Upper Limb Evaluation in Duchenne Muscular Dystrophy: Fat-Water Quantification by MRI, Muscle Force and Function Define Endpoints for Clinical Trials
- PMID: 27649492
- PMCID: PMC5029878
- DOI: 10.1371/journal.pone.0162542
Upper Limb Evaluation in Duchenne Muscular Dystrophy: Fat-Water Quantification by MRI, Muscle Force and Function Define Endpoints for Clinical Trials
Abstract
Objective: A number of promising experimental therapies for Duchenne muscular dystrophy (DMD) are emerging. Clinical trials currently rely on invasive biopsies or motivation-dependent functional tests to assess outcome. Quantitative muscle magnetic resonance imaging (MRI) could offer a valuable alternative and permit inclusion of non-ambulant DMD subjects. The aims of our study were to explore the responsiveness of upper-limb MRI muscle-fat measurement as a non-invasive objective endpoint for clinical trials in non-ambulant DMD, and to investigate the relationship of these MRI measures to those of muscle force and function.

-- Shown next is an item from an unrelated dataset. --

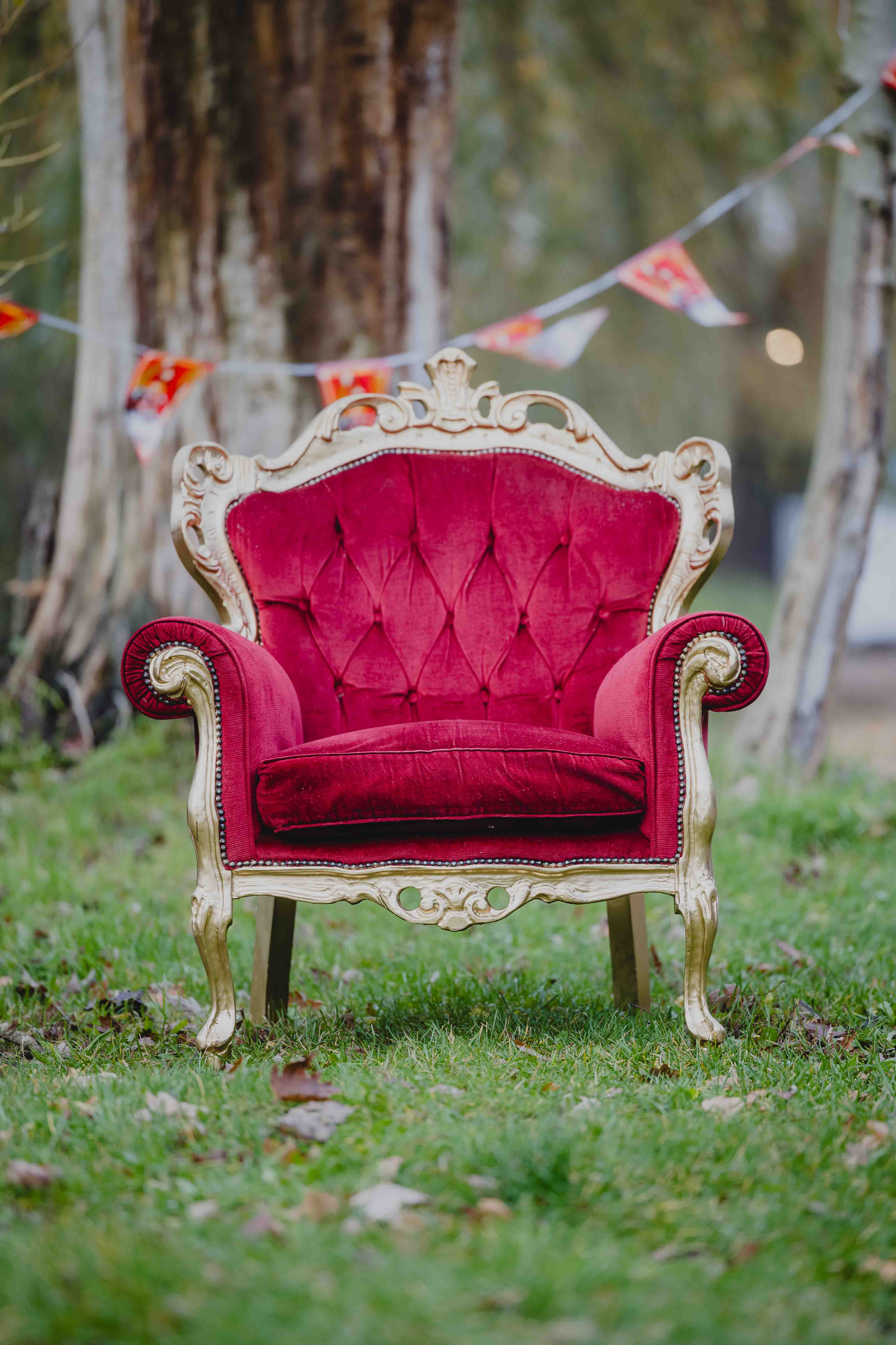 De stoel is mooi rood en is voorzien van een goude rand waardoor deze net dat tikkeltje extra heeft.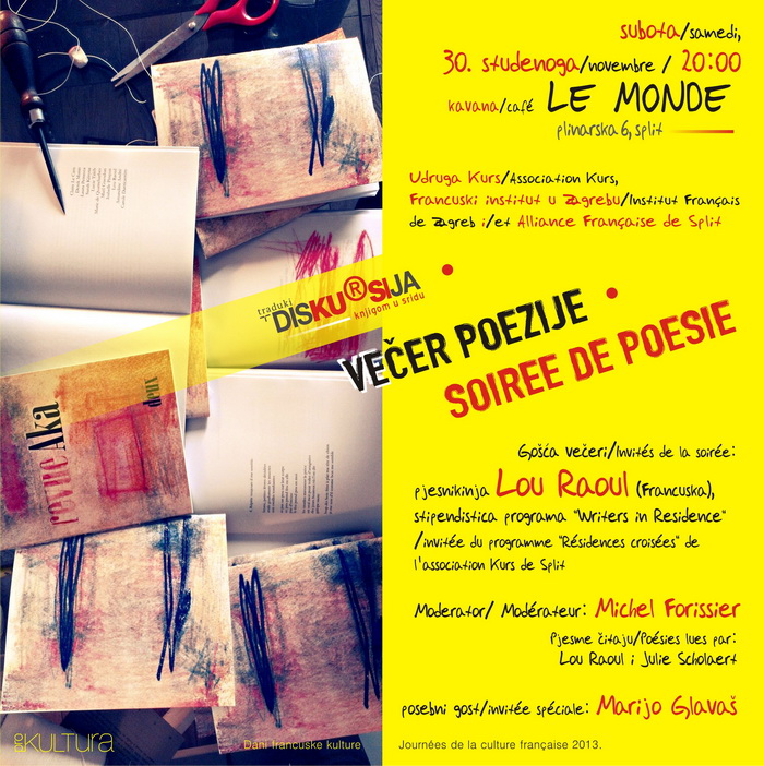 U sklopu manifestacije Dani francuske kulture, 30. studenog u 20:00 u kavani Le Monde (Plinarska 6 , Split), bit će predstavljena francuska pjesnikinja Lou Raoul.

Methods: 15 non-ambulant DMD boys (mean age 13.3 y) and 10 age-gender matched healthy controls (mean age 14.6 y) were recruited. 3-Tesla MRI fat-water quantification was used to measure forearm muscle fat transformation in non-ambulant DMD boys compared with healthy controls. DMD boys were assessed at 4 time-points over 12 months, using 3-point Dixon MRI to measure muscle fat-fraction (f.f.). Images from ten forearm muscles were segmented and mean f.f. and cross-sectional area recorded. DMD subjects also underwent comprehensive upper limb function and force evaluation.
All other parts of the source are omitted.